Both P3s of BRT-VP-2/135, also generated from micro-CT visualization, and BRT-VP-1/324 have large anterior foveae and diminutive to absent metaconids. Furthermore, in both left and right P3s of BRT-VP-2/135 and BRT-VP-1/324, the protoconid is positioned centrally and the transverse crest is oriented distolingually, whereas in A. afarensis, the protoconid apex is positioned more mesially in most P3s even though some specimens such as A.L. 128-23 and A.L. 288-1i have centrally positioned protoconid apices (Extended Data Fig. 6). However, these specimens—like all other known A. afarensis P3s—possess a transverse crest that forms less than 90° with the mesial protoconid crest (64.3–88.6° (n = 12) with an average of 76° and standard deviation of 7.6°), whereas in A. ramidus, A. anamensis and the P3s of BRT-VP-2/135, it is more than 90° (Extended Data Fig. 6). In the P3s from BRT, the mesial marginal ridge is also weak, and when viewed mesially, the anterior fovea is diamond shaped because of the steeply sloped buccal and weakly developed lingual segments of the mesial marginal ridge (Fig. 2h,m).
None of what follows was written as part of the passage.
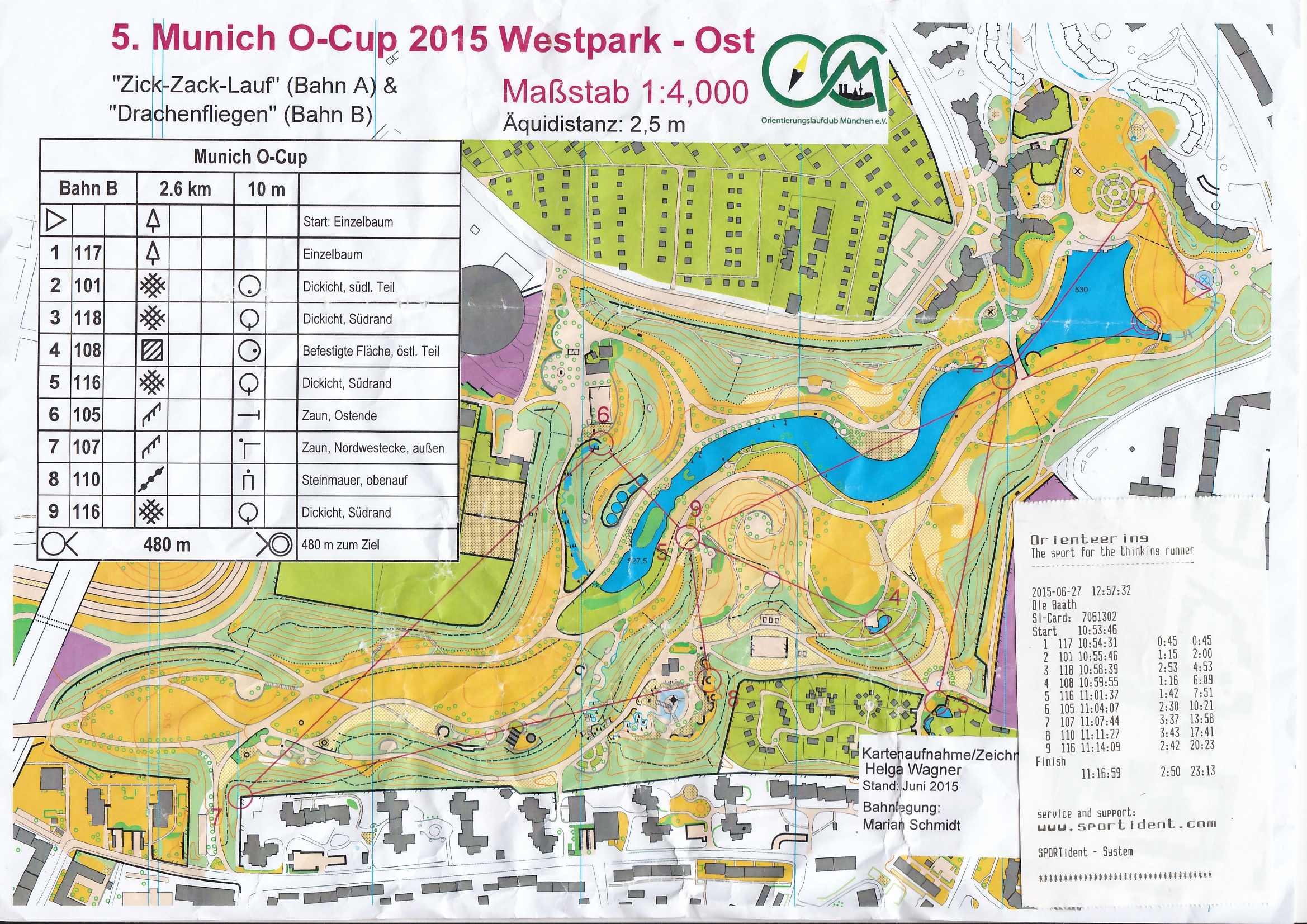 1 | 1019 | 1 | ole | Munich O-Cup 2015 Lauf 5 | 2015-06-27 10:53:00 | Westpark - Ost / München / Bayern | |

All of these features are frequently seen in the P3s of A. anamensis from Kanapoi as well as in Pan troglodytes31. The P3 of the paratype mandible of A. deyiremeda (BRT-VP-3/14) also has a weakly developed metaconid, poorly definable lingual segment of the mesial marginal ridge whose mesial and distal segments are angled to the base of the crown, and distolingually oriented transverse ridge (Extended Data Fig. 6b). It is also high-crowned relative to its mesiodistal dimension, similar to the BRT-VP-2/135 P3s. Although substantial intraspecific variation in the P3 crown shape and occlusal morphology has been documented in A. anamensis and A. afarensis27,29, as well as in A. ramidus30, a few features distinguish the P3s of these two species. For example, the P3s of early A. anamensis from Kanapoi have relatively large anterior fovea and the metaconid is either absent or incipient when present26. Such intraspecific variation is also observed in the P3s from BRT. Overall, however, the occlusal morphology and shape of the BRT P3s are more similar to those of A. ramidus and A. anamensis than of A. afarensis (Extended Data Fig. 6). In terms of crown size, the P3s from BRT are on the lower size range of australopiths but larger than those of A. ramidus (Fig. 3c). However, the latter species has larger canines relative to the size of the P3 (Fig. 3d).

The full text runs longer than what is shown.